With the help of four classic movies—and not a single one with guns in them—a good book, my Crostics puzzle and some welcome sleep, the 17 hour flight to Singapore was painless. Arriving at the airport, I went straight to Immigration, didn’t have to tell them why I was there, walked up to the baggage carousel just as my bags came out, walked out to the guest greeting area just as my host arrived. An auspicious beginning.
I had left San Francisco at 10:30 am on Thursday and crossing the date line, arrive at 9:00 pm on Friday. Just in time for —sleep! Well, some, at any rate. A brief 2 am awakening and then up for good at 5 am and now 8 am and about to trot off for my day of teaching. Feeling somewhat embodied, but know come midday, some jet-lag wave will wash over me big time. But on I will teach and no one will notice but me.

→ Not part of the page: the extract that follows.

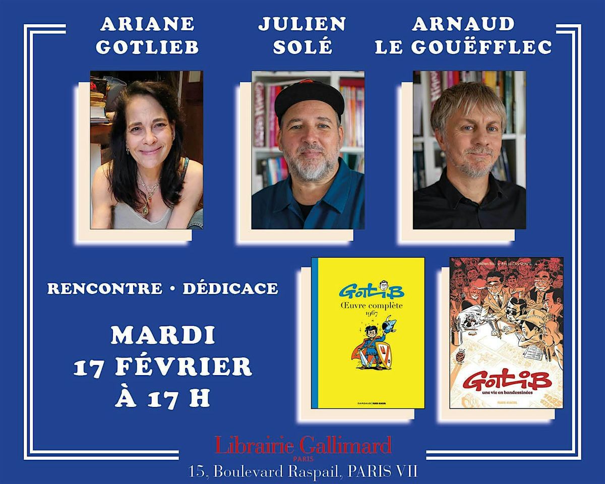 Gotlibiennes, Gotlibiens, rencontrez-nous pour une soirée à la gloire du patron, roi de la bulle et génie de l’absurde. Nous discuterons, avec Ariane Gotlieb, du merveilleux album biographique de Julien Solé et Arnaud Le Gouëfflec et du splendide premier tome d’une collection à tomber par terre de rire en s’esquintant irrémédiablement les zygomatiques.
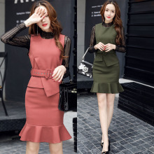 鱼尾连衣裙三件套装春季韩版修身显瘦小香风名媛气质荷叶边包臀裙

And so here I sit outside at my buffet breakfast. Sun just flooding the patio and a cool breeze, bells ringing at the nearby Indian temple. Reminding myself to show some restraint— the dizzying and tempting choices of buffet breakfasts, magnified here by the addition of Indian, Malaysian and Chinese possibilities, are not very happy choices for this fellow who wants to taste it all. And then pays the price on the bathroom scale a couple of weeks later. That delicious and maddening tension of being content with single choices and craving multiple choices, be it food, sex or music. Well, music the easiest with the least consequences.
I have my mask poised as needed, will probably forego starting workshops with holding hands in a circle and will be a bit more cautious in the hopes of dodging the coronavirus, but hope to not let fear run the day. I don’t want to be too casual about “when it’s my time, it’s my time,” but there is probably more than a grain of truth in that, like the angel who pulled me back from running a red light last week. So many ways things can go wrong, one just does what one can.
And what I can do today is to help some music teachers figure out a more child-friendly, musical and connected way to bring jazz to their students. And that I will do.
Welcome, February and welcome back, Singapore!